Dall'Autrice del romanzo "La collezionista di sogni".
UN ROMANZO DENSO, INTROSPETTIVO, PROFONDO.
"Come credi di poter fuggire da ciò che sta dentro la tua testa?"
Charlotte è mia sorella. Ma non è una sorella qualunque. Lei è la mia gemella. Siamo uguali in tutto. Stesse labbra, stesso sorriso, stessa altezza, stessi occhi e stesse lentiggini sul viso. Lei però ha i capelli ramati, io sono più bionda. Lei è nata prima di me, circa tre minuti prima. Io sono venuta dopo. Sono sempre venuta dopo di lei. Era semplicemente fantastica, aveva luce negli occhi. Chi ci conosceva diceva che eravamo indistinguibili, diceva che avevamo anche lo stesso carattere, ma io so che non era così. Lei era molto più di me. Lei aveva qualcosa che io non ho mai avuto. Poi un giorno è morta. E inconsapevolmente sono morta anch’io. Nonostante tutto continuerò a crescere, mentre lei avrà sette anni per sempre. Non cambierà mai. Da dove viene lei le cose non mutano. Restano come congelate nello spazio e nel tempo, ed è per questo che, quando l’ho persa, ho smesso di parlare. Fino a quando è arrivato lui, Henry, e tutto il mio mondo è precipitato una seconda volta.
Ciao! Oggi vi parlo di "Come una notte senza stelle" di @valentinabellucci
Anni fa lessi "La collezionista di sogni" il romanzo di esordio di questa autrice, nonché amica, e devo dire che ancora oggi sono in qualche modo legata a quel romanzo. Legame che però non sono riuscita a creare con questo nuovo scritto, ma andiamo con ordine...
La location è un orfanotrofio. Infatti i protagonisti sono dei giovani ragazzi dal trascorso traumatico. In particolare le vicende si concentrano su Abby e Henry.
Lei che parla con un numero piuttosto ristretto di persone. Lei che è perseguitata dal fantasma della gemella morta. Lei che va avanti un po' per inerzia cercando di aggrapparsi il più possibile al quotidiano senza pensare troppo al futuro e soprattutto al passato.
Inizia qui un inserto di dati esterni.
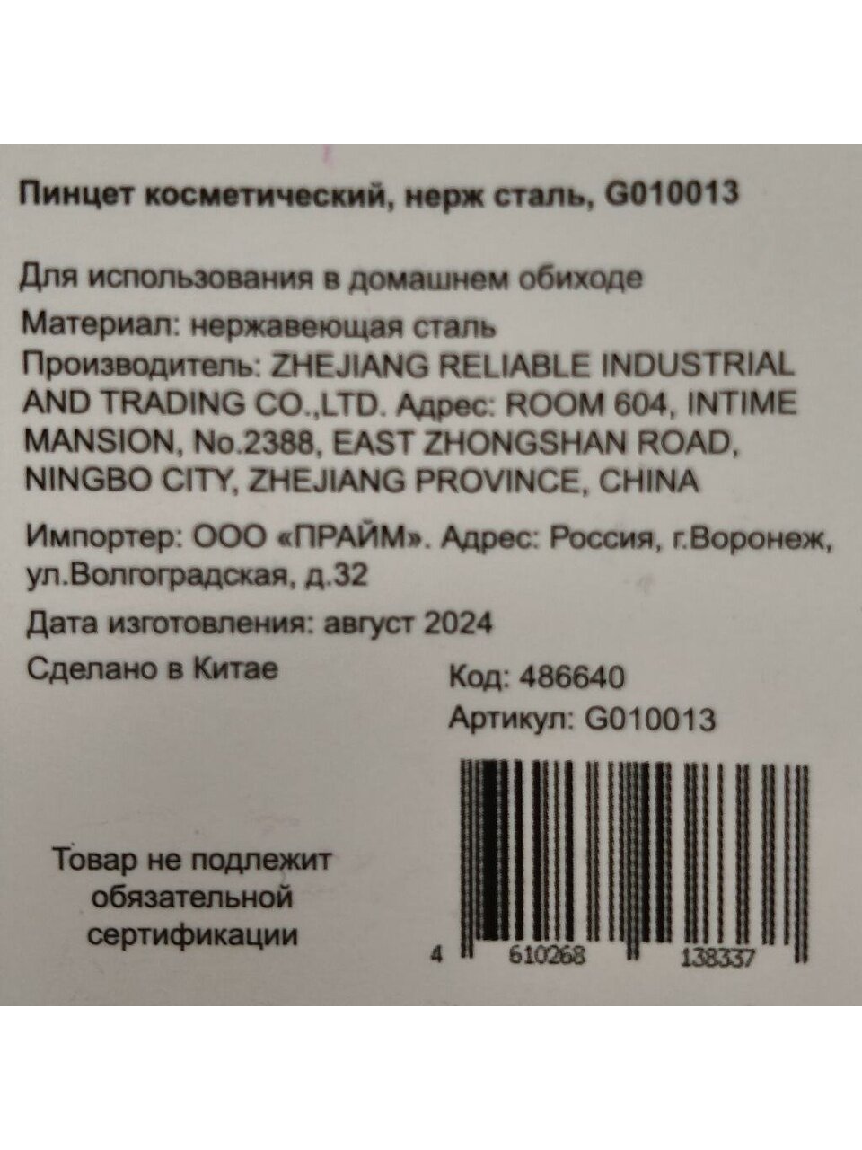 Вы можете приобрести «Пинцет косметический, нержавеющая сталь, G010013» и другие товары в нашем интернет-магазине в Ярославле по низким ценам и с бесплатным самовывозом.

Lui che è arrivato da poco in quell'istituto. Lui che vorrebbe farla finita. Lui che quando sta per farlo viene salvato da lei...
PRO:
✔️ L'incipit è semplicemente meraviglioso, cattura subito l'attenzione e insinua curiosità nel lettore ✔️ Tutti gli aspetti della storia si intersecano alla perfezione e nulla viene tralasciato ✔️ Aspetto morale ben delineato
CONTRO:
❌ Romanzo esageratamente prolisso. Forse qualche sfoltatina di pagine avrebbe salvato la situazione ❌ Presenza della gemella morta quasi fine a stessa (il messaggio finale è molto bello, ma Abby non fa altro che risultare un po' fuori di testa😅) ❌ Personaggi, soprattutto Henry, un po' "esagerati" in tutti i lati caratteriali, soprattutto quelli negativi.
Voto: ⭐⭐⭐
Resta comunque un romanzo diverso dal solito, di quelli rari che non si trovano spesso in giro (e forse questo è un altro punto a suo favore).
---- Vi piacciono le storie di ragazzi dal triste passato? ----
RECENSITO DA QUEEN PER IL BLOG DI "LIBRI E SOGNALIBRI" Devo essere sincera, se non ammettessi che ho fatto molta fatica ad ingranare con questo libro, direi una bugia; del resto, trovarsi alla mia età, catapultati nella testa di non uno, ma ben due diciassettenni problematici, non è semplice! Per fortuna, però, superati i primi introduttivi capitoli mi sono ritrovata in una storia meravigliosa che ho cercato di centellinare il più possibile perché non volevo finisse mai.
Una storia d’amore semplice e delicata come solo quella tra due diciassettenni può essere, complicata e struggente come solo quella fra due ragazzi problematici con un passato difficile alle spalle può essere.
"Non aver paura di guardarti dentro.
È profondo il tuo mondo, tanto quanto quello che hai sofferto.
Io l’ho fatto.
Ti ho guardata, e non ho mai visto niente di più bello."
Sto parlando di Come una notte senza stelle di Valentina Bellucci.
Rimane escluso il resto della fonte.